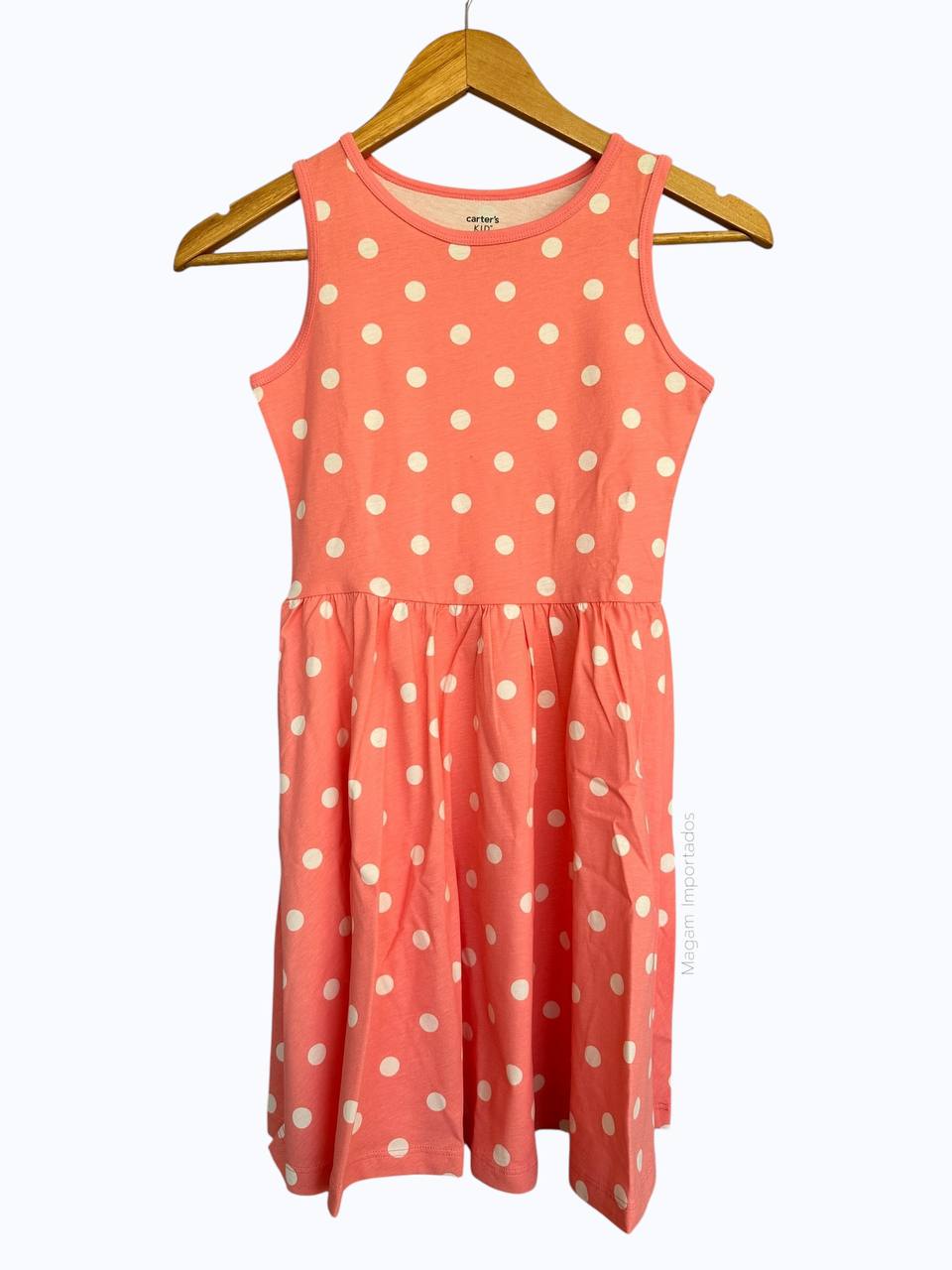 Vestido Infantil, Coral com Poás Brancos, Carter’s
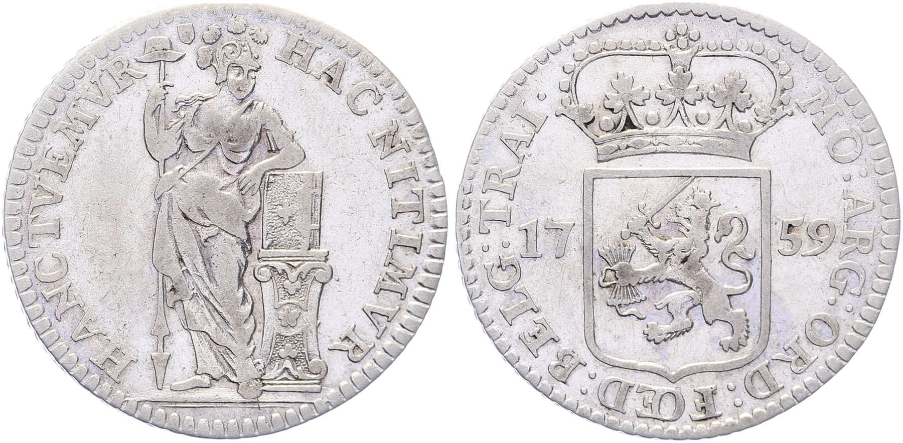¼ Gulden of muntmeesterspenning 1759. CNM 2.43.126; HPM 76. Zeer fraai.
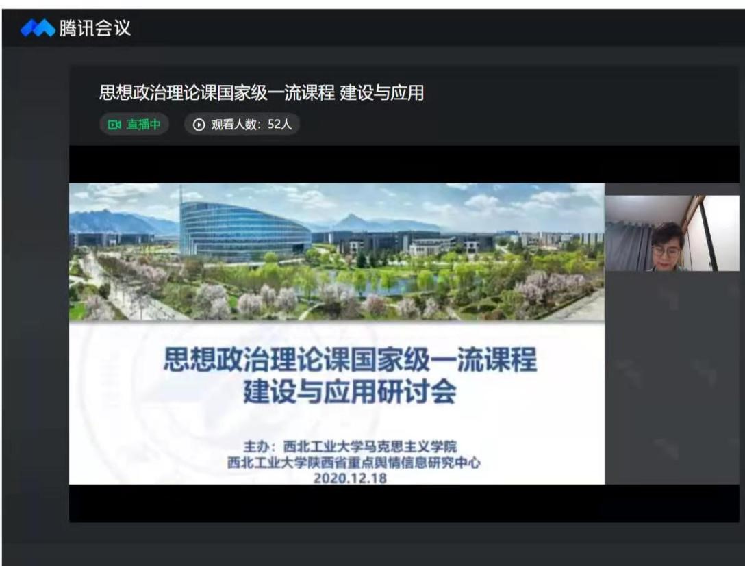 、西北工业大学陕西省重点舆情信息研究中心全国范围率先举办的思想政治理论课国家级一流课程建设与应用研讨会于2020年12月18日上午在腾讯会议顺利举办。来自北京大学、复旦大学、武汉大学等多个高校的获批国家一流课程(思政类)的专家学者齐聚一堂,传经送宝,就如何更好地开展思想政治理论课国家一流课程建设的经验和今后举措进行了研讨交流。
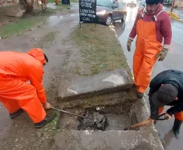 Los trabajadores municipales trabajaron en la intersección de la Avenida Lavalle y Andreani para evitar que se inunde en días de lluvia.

· · · · ·

What the exercise asks:
With images left out, the data must be transcribed exactly.

Solution to this task:
 Vestido Infantil, Coral com Poás Brancos, Carter’s
¼ Gulden of muntmeesterspenning 1759. CNM 2.43.126; HPM 76. Zeer fraai.
 、西北工业大学陕西省重点舆情信息研究中心全国范围率先举办的思想政治理论课国家级一流课程建设与应用研讨会于2020年12月18日上午在腾讯会议顺利举办。来自北京大学、复旦大学、武汉大学等多个高校的获批国家一流课程(思政类)的专家学者齐聚一堂,传经送宝,就如何更好地开展思想政治理论课国家一流课程建设的经验和今后举措进行了研讨交流。
 Los trabajadores municipales trabajaron en la intersección de la Avenida Lavalle y Andreani para evitar que se inunde en días de lluvia.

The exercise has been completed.